** Opening TASK MATERIAL block **

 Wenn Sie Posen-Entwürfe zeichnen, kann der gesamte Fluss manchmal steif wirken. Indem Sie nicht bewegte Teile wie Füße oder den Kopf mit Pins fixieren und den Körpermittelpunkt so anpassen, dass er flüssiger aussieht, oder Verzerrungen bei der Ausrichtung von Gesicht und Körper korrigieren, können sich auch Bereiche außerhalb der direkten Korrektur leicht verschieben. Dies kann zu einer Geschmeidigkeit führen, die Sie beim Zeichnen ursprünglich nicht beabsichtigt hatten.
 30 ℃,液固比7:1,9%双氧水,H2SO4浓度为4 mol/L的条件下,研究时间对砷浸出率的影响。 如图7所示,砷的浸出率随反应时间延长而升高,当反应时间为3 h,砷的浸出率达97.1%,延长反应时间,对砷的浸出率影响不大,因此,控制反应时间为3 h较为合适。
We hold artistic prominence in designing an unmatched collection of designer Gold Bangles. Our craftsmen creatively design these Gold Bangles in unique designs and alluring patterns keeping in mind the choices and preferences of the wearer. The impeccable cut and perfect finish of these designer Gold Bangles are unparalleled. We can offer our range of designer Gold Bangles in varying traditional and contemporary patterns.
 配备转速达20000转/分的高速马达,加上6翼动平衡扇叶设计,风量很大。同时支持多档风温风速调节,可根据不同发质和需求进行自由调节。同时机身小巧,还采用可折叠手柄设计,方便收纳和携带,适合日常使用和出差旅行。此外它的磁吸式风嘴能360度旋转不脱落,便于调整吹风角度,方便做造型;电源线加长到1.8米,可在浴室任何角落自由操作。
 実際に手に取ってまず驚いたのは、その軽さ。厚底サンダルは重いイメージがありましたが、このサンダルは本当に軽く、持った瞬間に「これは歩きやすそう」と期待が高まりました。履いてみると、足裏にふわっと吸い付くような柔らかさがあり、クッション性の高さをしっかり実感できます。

** Closing TASK MATERIAL block **
** Opening TASK MATERIAL block **

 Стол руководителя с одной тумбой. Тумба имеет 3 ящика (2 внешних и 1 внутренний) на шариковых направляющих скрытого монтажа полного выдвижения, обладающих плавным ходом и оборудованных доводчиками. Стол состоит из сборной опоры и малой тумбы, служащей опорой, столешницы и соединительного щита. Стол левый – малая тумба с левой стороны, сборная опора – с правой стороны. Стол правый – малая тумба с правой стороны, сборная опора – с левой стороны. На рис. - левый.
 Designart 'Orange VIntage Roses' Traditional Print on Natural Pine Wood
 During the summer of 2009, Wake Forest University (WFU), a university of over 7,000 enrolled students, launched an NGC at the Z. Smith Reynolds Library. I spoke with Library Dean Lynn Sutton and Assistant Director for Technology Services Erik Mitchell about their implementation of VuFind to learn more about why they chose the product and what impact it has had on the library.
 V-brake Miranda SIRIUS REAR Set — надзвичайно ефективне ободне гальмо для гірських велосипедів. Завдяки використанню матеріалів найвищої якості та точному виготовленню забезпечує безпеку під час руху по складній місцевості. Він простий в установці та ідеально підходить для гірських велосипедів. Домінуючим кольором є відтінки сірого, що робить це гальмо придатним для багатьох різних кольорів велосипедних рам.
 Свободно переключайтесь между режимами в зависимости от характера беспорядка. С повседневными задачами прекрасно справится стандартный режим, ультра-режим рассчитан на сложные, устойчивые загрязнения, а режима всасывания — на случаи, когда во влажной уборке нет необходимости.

** Closing TASK MATERIAL block **

TASK OBJECTIVE
Starting at the line above that holds "V-brake Miranda SIRIUS" and ending at the line that holds "Свободно переключайтесь между", transcribe each line exactly and include no other lines.

TASK RESPONSE
 V-brake Miranda SIRIUS REAR Set — надзвичайно ефективне ободне гальмо для гірських велосипедів. Завдяки використанню матеріалів найвищої якості та точному виготовленню забезпечує безпеку під час руху по складній місцевості. Він простий в установці та ідеально підходить для гірських велосипедів. Домінуючим кольором є відтінки сірого, що робить це гальмо придатним для багатьох різних кольорів велосипедних рам.
 Свободно переключайтесь между режимами в зависимости от характера беспорядка. С повседневными задачами прекрасно справится стандартный режим, ультра-режим рассчитан на сложные, устойчивые загрязнения, а режима всасывания — на случаи, когда во влажной уборке нет необходимости.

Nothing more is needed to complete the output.